The First Amendment of the U.S. Constitution explicitly protects freedom of religion, preventing the government from prohibiting the free exercise of one’s own beliefs, and forbidding the government from establishing an official religion or from favoring one over another.
Earlier this month, the Trump administration flagrantly defied it.
On Easter Sunday, Brooke Rollins, the secretary of the Department of Agriculture, sent out a blatantly Christian email to some 100,000 government employees. The subject line read: “He has risen!”
“Happy Easter—He is Risen indeed!” starts the email, obtained by The Washington Post. “Today we celebrate the greatest story ever told, the foundation of our faith, and the abiding hope of all mankind.

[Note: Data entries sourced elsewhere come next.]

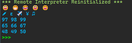 print(chr(0x1f604)) print(chr(10000), end=" ") print(chr(0x025b), end=" ") print(chr(0x2708), end=" ") print(chr(0x00A5), end=" ") print(chr(0x266b)) print(ord('a'), end = " ") print(ord('b'), end = " ") print(ord('c')) print(ord('A'), end = " ") print(ord('B'), end = " ") print(ord('C')) print(ord('0'), end = " ") print(ord('1'), end = " ") print(ord('2'))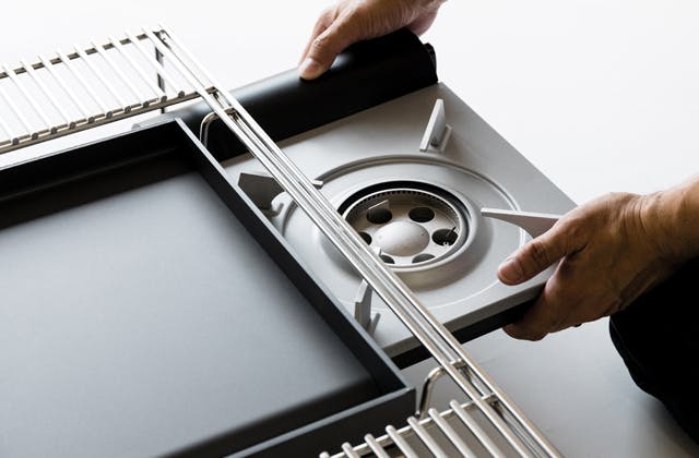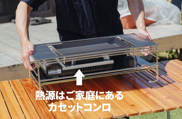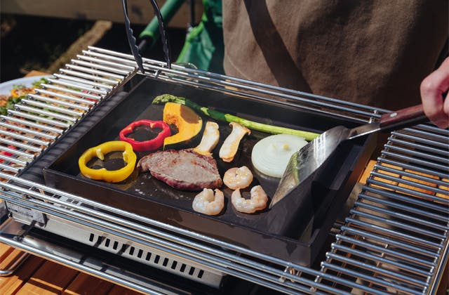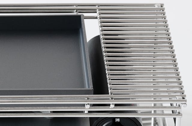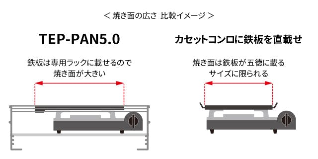 そこでTEP-PAN5.0は、鉄板を丈夫なステンレス製の専用ラックに載せる仕様としました。こうすることで鉄板は常に安定し、カセットコンロのサイズとは関係なく大きな焼き面を得ることができます。
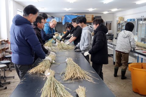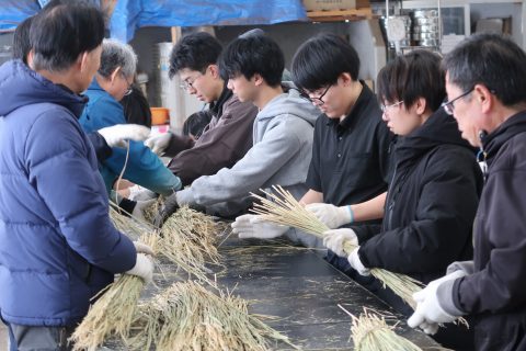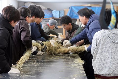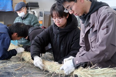稲わらを使った注連縄づくりは、稲作とともに日本各地で受け継がれてきた伝統的な技術であり、農業と暮らし、祈りが深く結びついている文化でもあります。学生たちは、力仕事と繊細な作業の両方を経験しながら、実践を通して「稲わら文化」や日本の伝統行事について理解を深めました。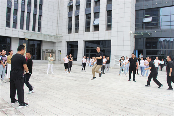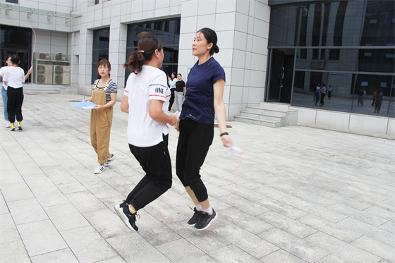 當(dāng)然比賽中還有許多“小插曲”,有的選手鞋帶松了,有的選手繩子扭了,有的選手眼鏡掉了,有的選手被大繩打到疼得哇哇叫,但正是因為有了這些小插曲,才讓參與者的笑聲更響,讓這場比賽變得更生動有趣,也讓“快樂工作、幸福生活”這句話有了最真實的體現(xiàn)。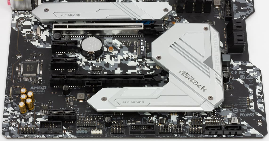 Оба слота M.2 имеют радиаторы с термоинтефейсом, и это очень необычно для относительно бюджетной материнской платы.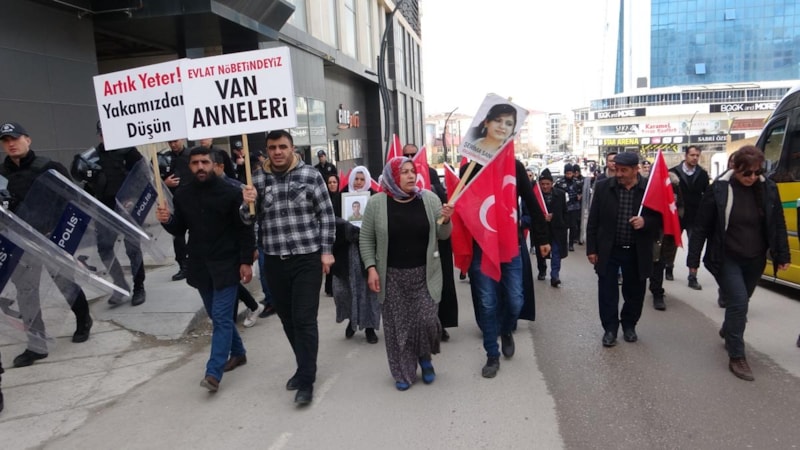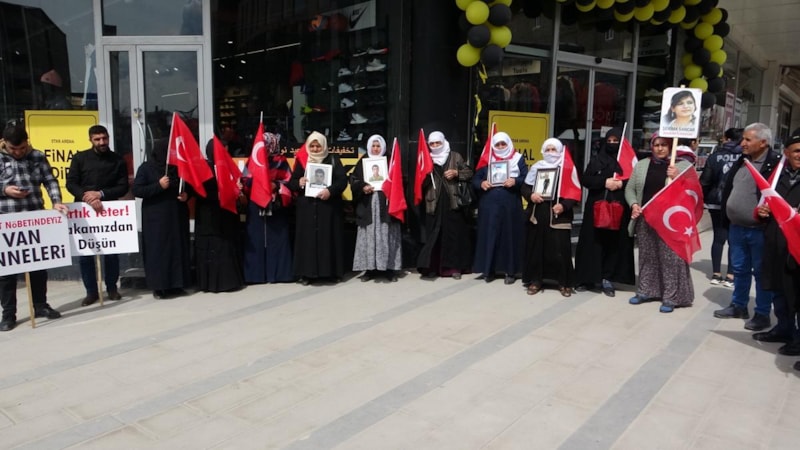 Sayıları 32'yi bulan aileler, Van'ın en işlek noktası olan Cumhuriyet Caddesi'nde bir araya geldi.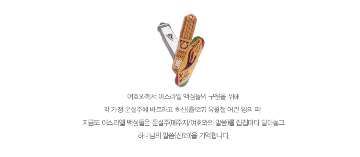 이스라엘의 문설주, 메주자에는 ‘들으라 이스라엘’의 의미로 ש이라는 글자가 새겨져 있습니다. "그 말씀들을 네 집 문설주(메주자)들과 네 대문에 써 붙여야 한다" (신6:9) 그리고 메주자안에는 메주자 안에는 성경의 신명기 6장 말씀이 들어있습니다. 메주자는 오직 한분이신 여호와 하나님을 생각하며 하나님의 사랑을 깨닫게 하는 데 목적이 있습니다. 그래서 이스라엘 백성들은 들어오고 나가며 문설주에 손을 대고 입을 맞춥니다. 말씀이신 하나님을 경외하는 마음으로 입을 맞추는 것입니다.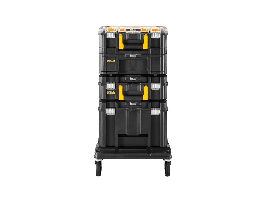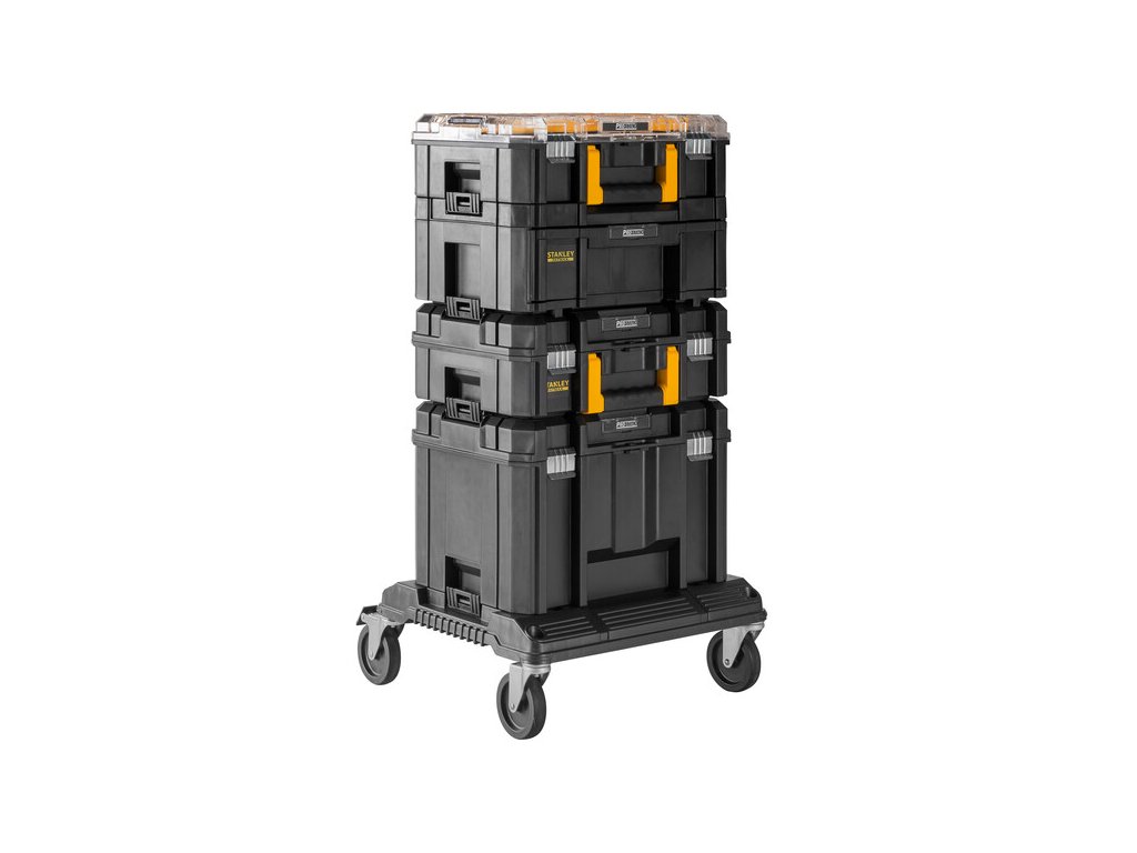 Věž TSTAK FatMax Stanley FMST1-80107 složená z podvozku a čtyř kufrů řady TSTAK.

“From the foot of the Cross on Good Friday to the stone rolled away from the now empty tomb, sin has been destroyed,” continues the email, signed by the secretary. “Jesus has been raised from the dead. And God has granted each of us victory and new life. And where there is life—risen life—there is hope.”
Staffers were shocked by the constitutional violation.
“This has never happened before,” one government employee, who described the email as “grotesque,” told Wired. “I have never gotten a message like this from anyone.”
The same employee noted that such a message wouldn’t even be expected from military chaplains, commissioned officers who provide religious services.
Another employee, a 15-year veteran of the department, told the Post, “I have never seen that overtly of a religious email in all my years of government service.... It’s a separation of state and religion for a reason.”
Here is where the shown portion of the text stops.